━━━━━ LISTED ENTRIES ━━━━━

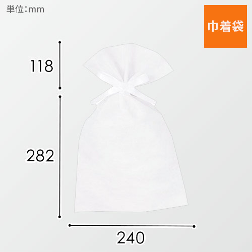 サイズは幅240×高さ400(絞り口まで282)mmで両面不織布製のシンプルな巾着袋。
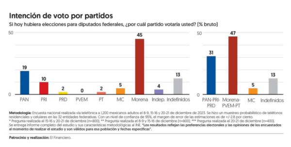 Sheinbaum arrasa. Derechista Gálvez solo alcanza 30% de intención de voto. En diputados Morena tiene 45% de intención de voto,...
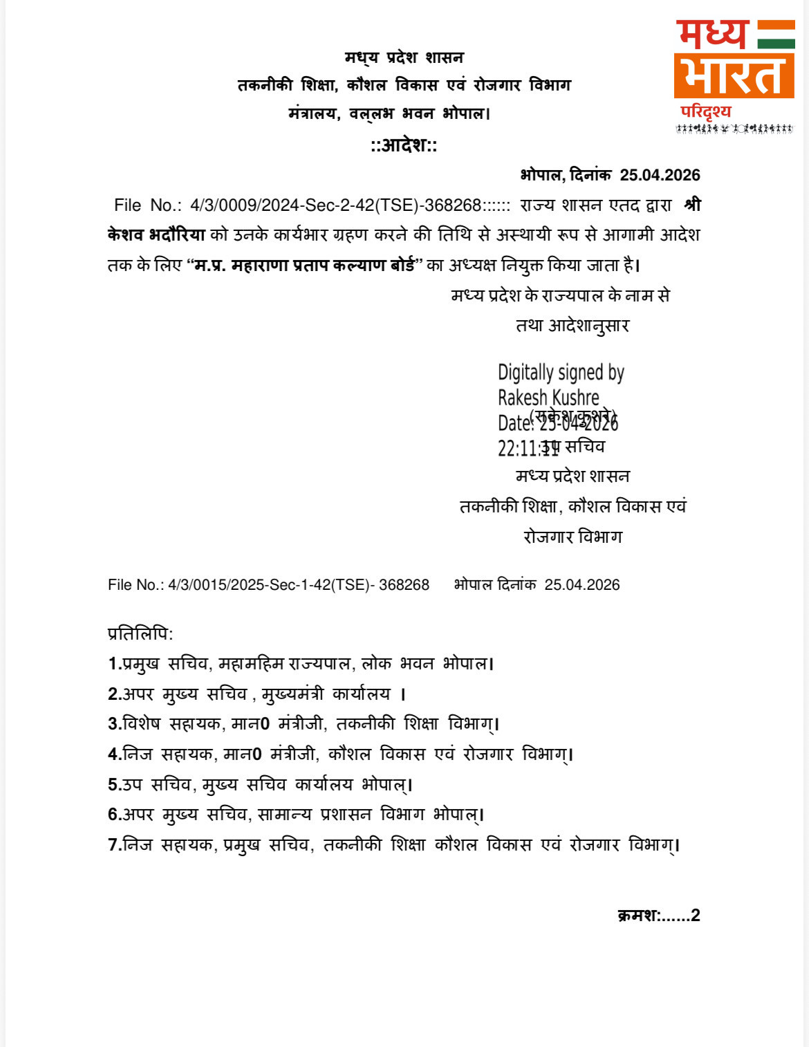 वहीं, पूर्व संगठन मंत्री केशव भदौरिया को महाराणा प्रताप कल्याण बोर्ड का चेयरमैन बनाया गया है। इस नियुक्ति को ओबीसी वर्ग, खासकर युवाओं को साधने की रणनीति के तौर पर देखा जा रहा है, जहां स्किल डेवलपमेंट और रोजगार पर विशेष फोकस रहेगा।
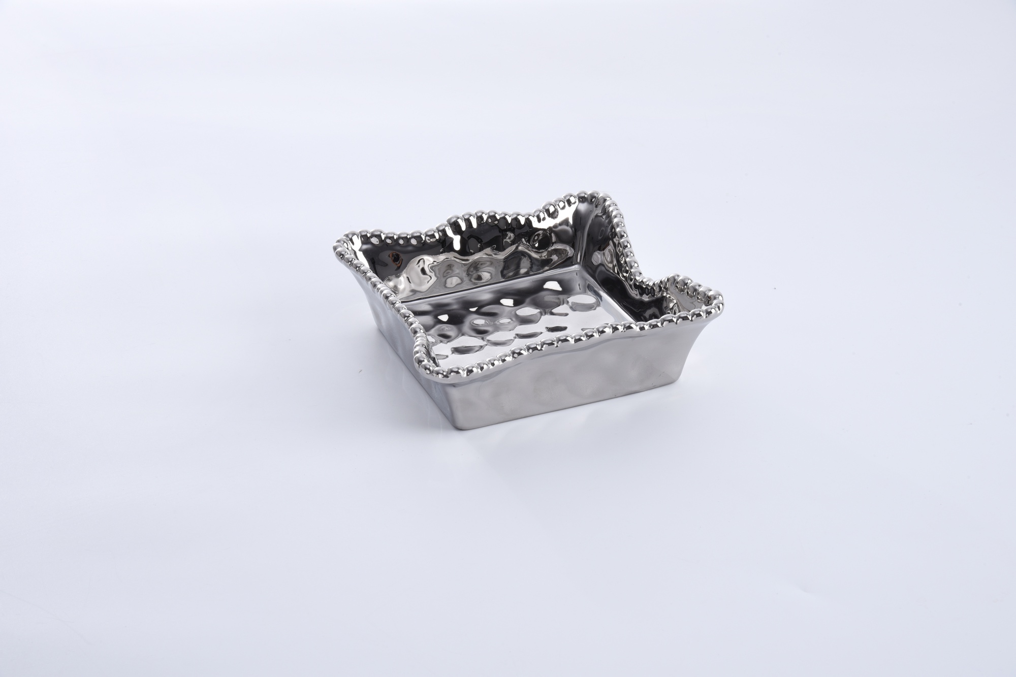 Porcelain cocktail napkin holder in Verona. Add a touch of luxury and elegance with this magnificent napkin holder. Also great for serving up small pastries, sliced fruit and appetizers. Striking and elegant silver titanium high-fired porcelain cocktail napkin holder. Food safe, dishwasher safe, oven safe to 350°. Tarnish and stain-free. Easy Care.
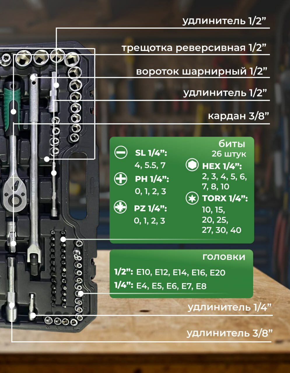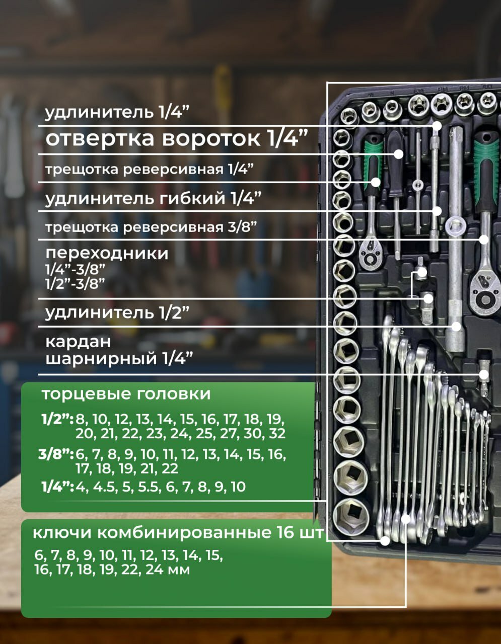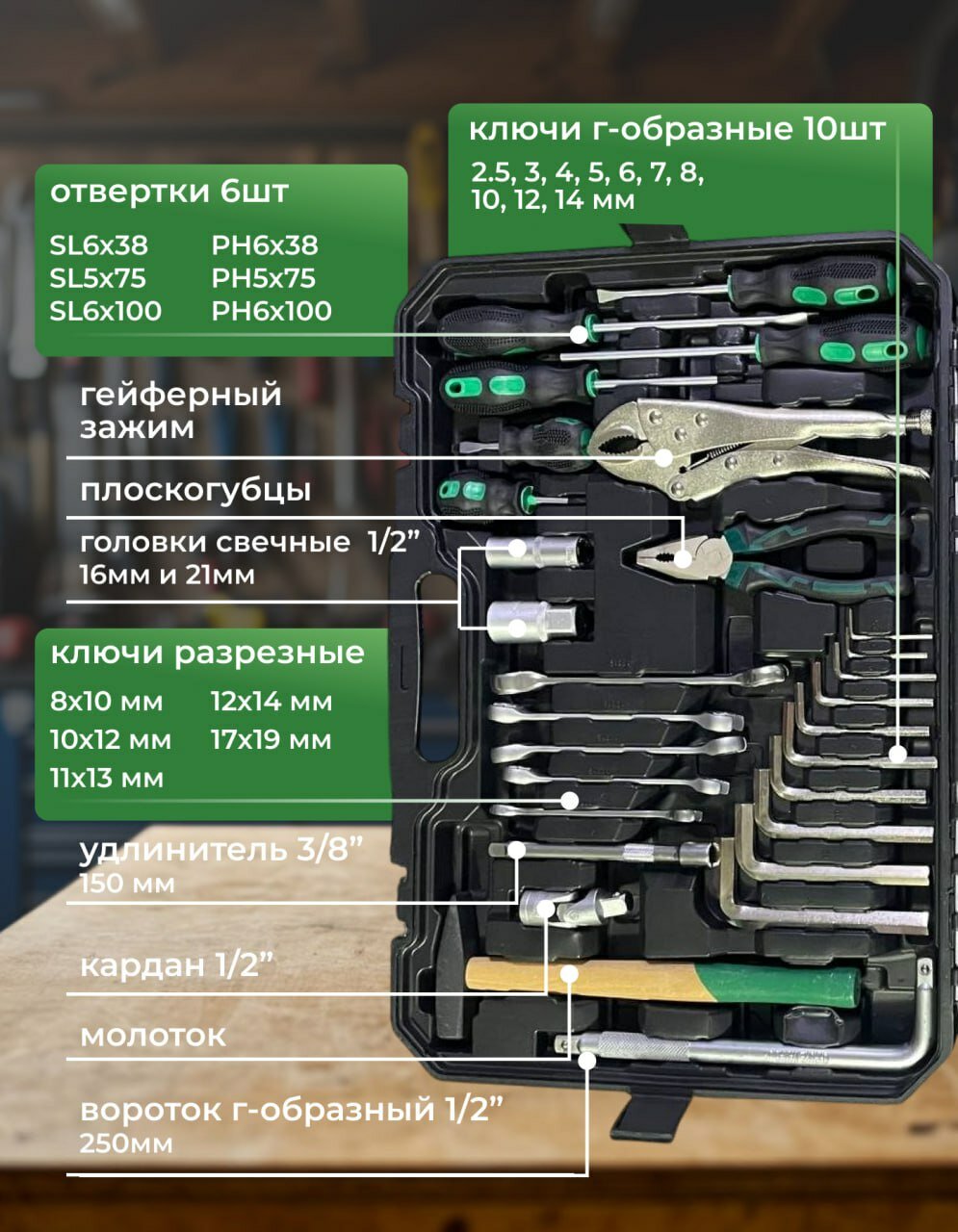 Представляем вам универсальный набор инструментов для автомобиля и дома, состоящий из 142 предмета! Этот комплект станет незаменимым помощником как для профессионалов, так и для любителей DIY. С его помощью вы сможете легко справляться с любыми задачами, будь то мелкий ремонт, обслуживание автомобиля или выполнение домашних работ.
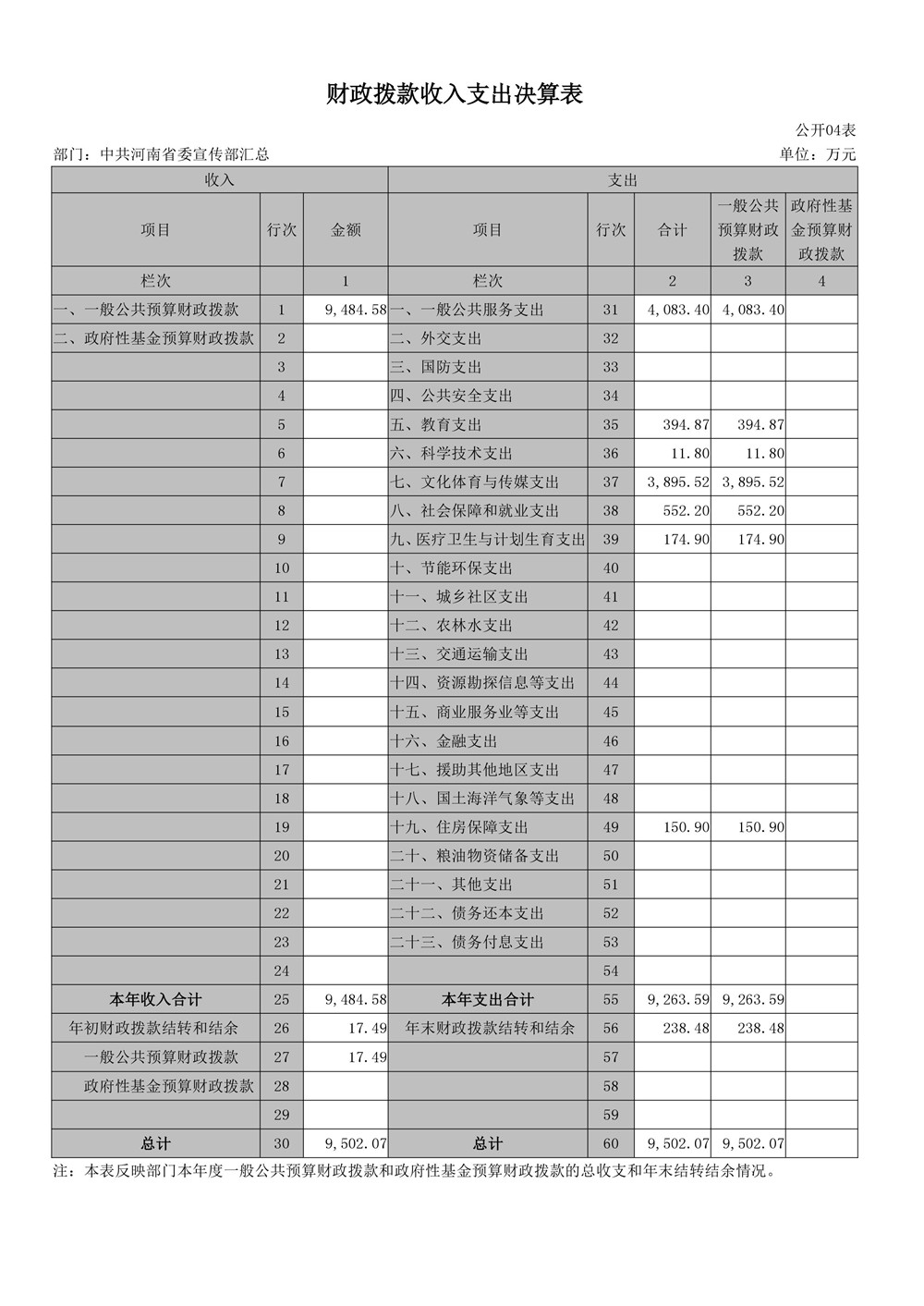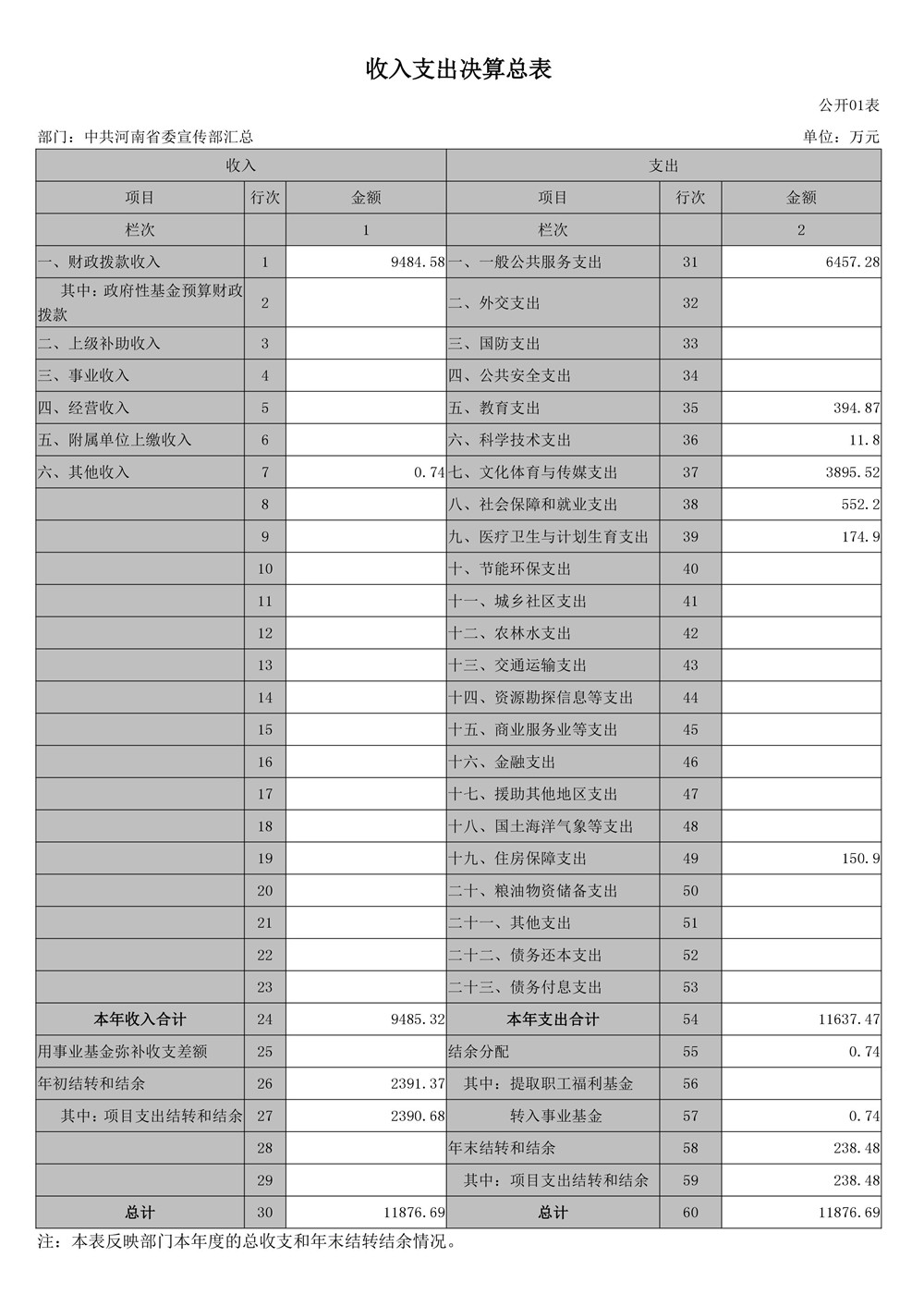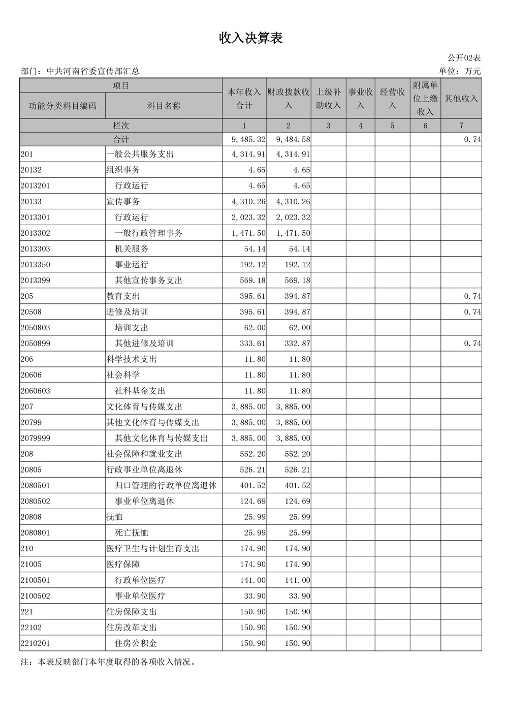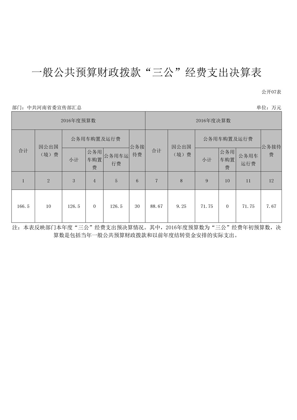 2016年度河南省委宣傳部部門(mén)決算公開(kāi)
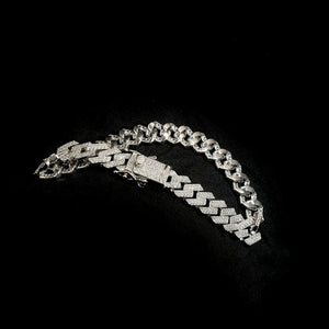 This substantial bracelet features a classic Miami Cuban link design, a timeless symbol of power and prestige. Each link is meticulously and completely encrusted with hundreds of hand-set, brilliant-cut pavé stones that create an incredible, continuous sparkle from every angle. The bracelet is secured with a robust and seamless box clasp, which is also fully "iced-out" to ensure the flow of brilliance is uninterrupted.

━━━━━

### PROBLEM STATEMENT:
Looking above, find the stretch of lines that opens with the one holding "Porcelain cocktail napkin holder in" and closes with the one holding "2016年度河南省委宣傳部部門(mén)決算公開(kāi)". Copy it exactly, pictures excluded.

### EXERCISE ANSWER:
 Porcelain cocktail napkin holder in Verona. Add a touch of luxury and elegance with this magnificent napkin holder. Also great for serving up small pastries, sliced fruit and appetizers. Striking and elegant silver titanium high-fired porcelain cocktail napkin holder. Food safe, dishwasher safe, oven safe to 350°. Tarnish and stain-free. Easy Care.
 Представляем вам универсальный набор инструментов для автомобиля и дома, состоящий из 142 предмета! Этот комплект станет незаменимым помощником как для профессионалов, так и для любителей DIY. С его помощью вы сможете легко справляться с любыми задачами, будь то мелкий ремонт, обслуживание автомобиля или выполнение домашних работ.
 2016年度河南省委宣傳部部門(mén)決算公開(kāi)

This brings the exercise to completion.